The strings that bind an album together are sometimes its most distinctive feature. Just as what remains unsaid—in the margins, between the lines—may be a novelist’s true subject matter, what unites an album is often not included wholly in the songs themselves. Rather, it is implied in their relationships to each other. On Spider Smile, Tarwater’s second album released by Morr Music—the unifying force is a willful insistence in presenting ideas, both lyrically and musically, which cannot be fully reconciled. These disconnects of style create a context in which the album can be considered as a whole.

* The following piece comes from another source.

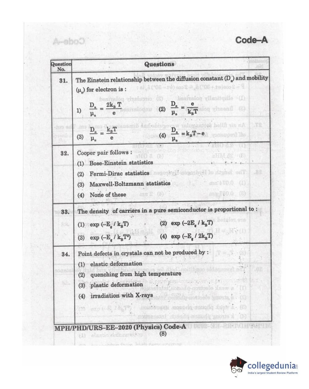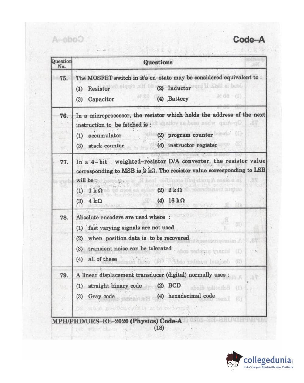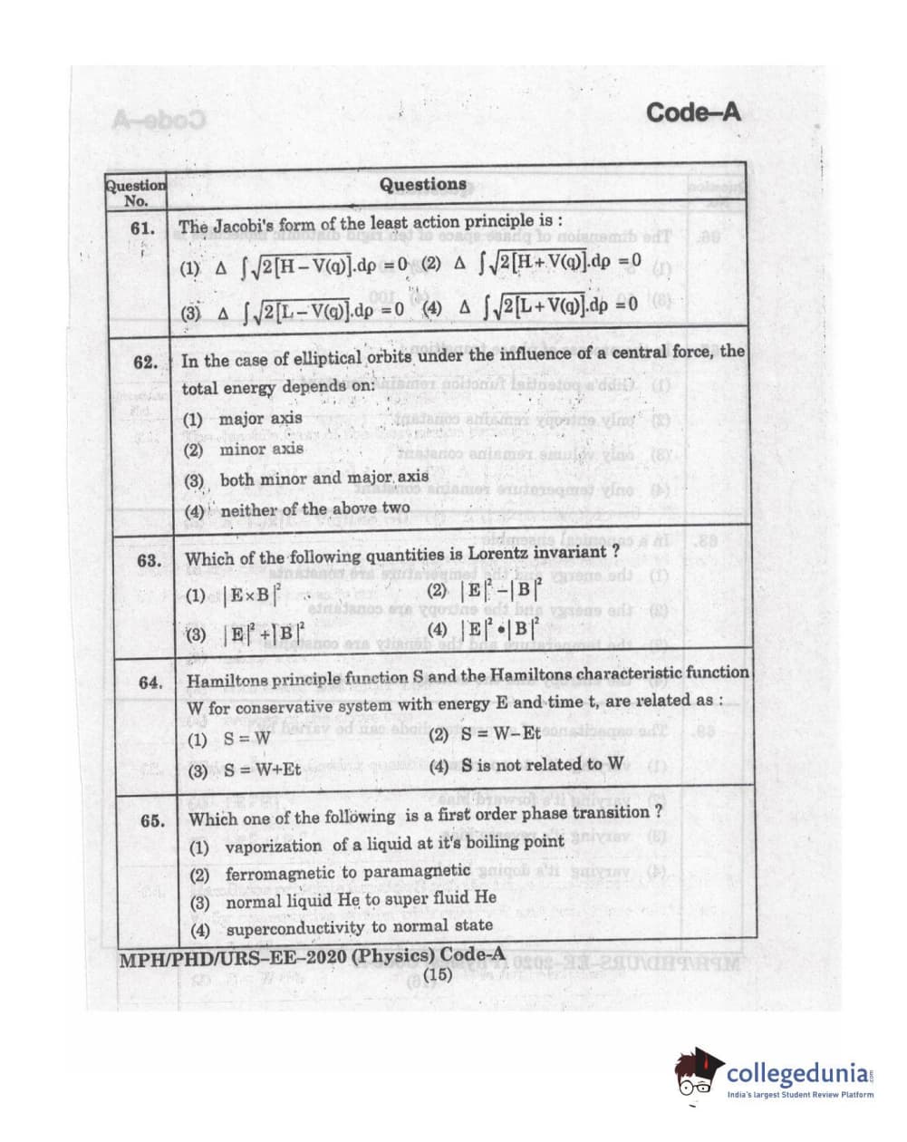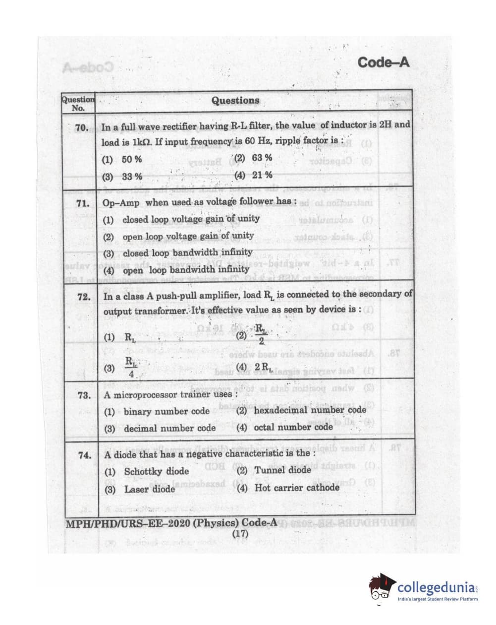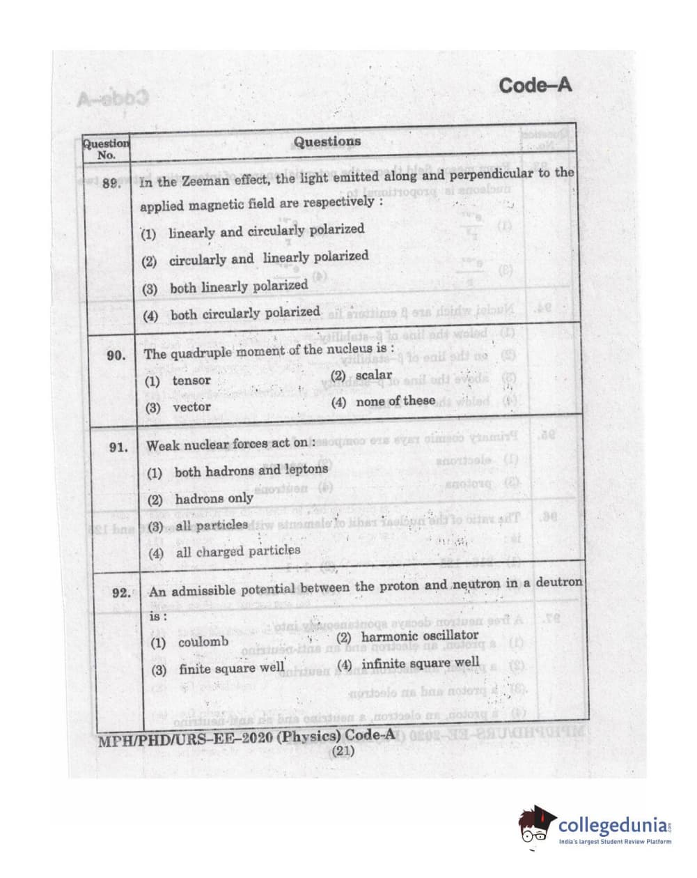 MDUCEE 2020 M.Phil/Ph.D/URS – Physics Set A Question Paper with Answer Key PDFs

I doubt that the Berlin-based duo of Bernd Jestram and Ronald Lippok had this in mind as they were writing and producing, but the schism in their collective sensibility is evident, and neatly summed up in the relationship between Spider Smile‘s first two tracks. “Shirley Temple” is an ominous, plodding opener, which rides a descending bass-line to nowhere in the company of twitching, neurotic orchestration. It is the disclosure of something menacing which remains unnamed. Without a word it suggests a problem without resolution. The next track, “World of Things to Touch” revels in lightness and discordance, evincing a thoroughgoing ambivalence toward its eponymous subject matter. Lyrically, it is treated as disruptive in the verses, but the way it is sung in the chorus makes it seem altogether more innocent, natural if problematic. The vague dread of “Shirley Temple” gives way to focused, studied ambivalence.
These are the two postures that Tarwater adopts on Spider Smile. The relationship between the two is what binds it together as an album. That the first dose of dread is delivered in a package labeled “Shirley Temple” evinces Tarwater’s quirky fascination with America, more past than present. “Roderick Usher” is another instrumental track, though one far more pensive than menacing. It suggests the boundlessness of purgatory rather than an impendent hellishness. Little Shirley Temple is aligned with the latter, a soundscape reverberating with the inflamed gloom of Edgar Allen Poe, while his doomed Usher is cast into spectral space, one not without an infusion of warmth. The tone of the first is disturbed, the second, melancholic. There is a vast chasm separating the two.
“When Love Was the Law in Los Angeles” is a more nuanced expression of Tarwater’s attitude toward America as something both fallen and changeable. Love is certainly no longer the law in Los Angeles—if it ever was—but in their assertion that there was a time when it was, they seem to disclose a belief that it can be again. While “Shirley Temple” picks at the darkness beneath America’s most innocuous images of itself and “Roderick Usher” unearths the notes of grace amidst its homespun horrors, “Los Angeles” evokes an America that was and was not, one that exists solely as image to a generation that aligns it with decadence and avarice.
Similarly, a song like “Easy Sermon” shows the band at its best and poppiest, crafting breezy, lightly-layered songs centered around evocative, associative lyrics sung in a subtly effecting monotone. There are misses as well. Focused too heavily upon an anchor of a refrain, “A Marriage in Belmont” comes off seeming plastically histrionic. But Tarwater has a sort of lo-fi charm and wed to their passion for using the studio as an instrument it makes them engaging. And, it is nice to hear thoughtful commentary, some of it wordless, on America from outsiders these days, free from ideology, bitterness or uncritical approval.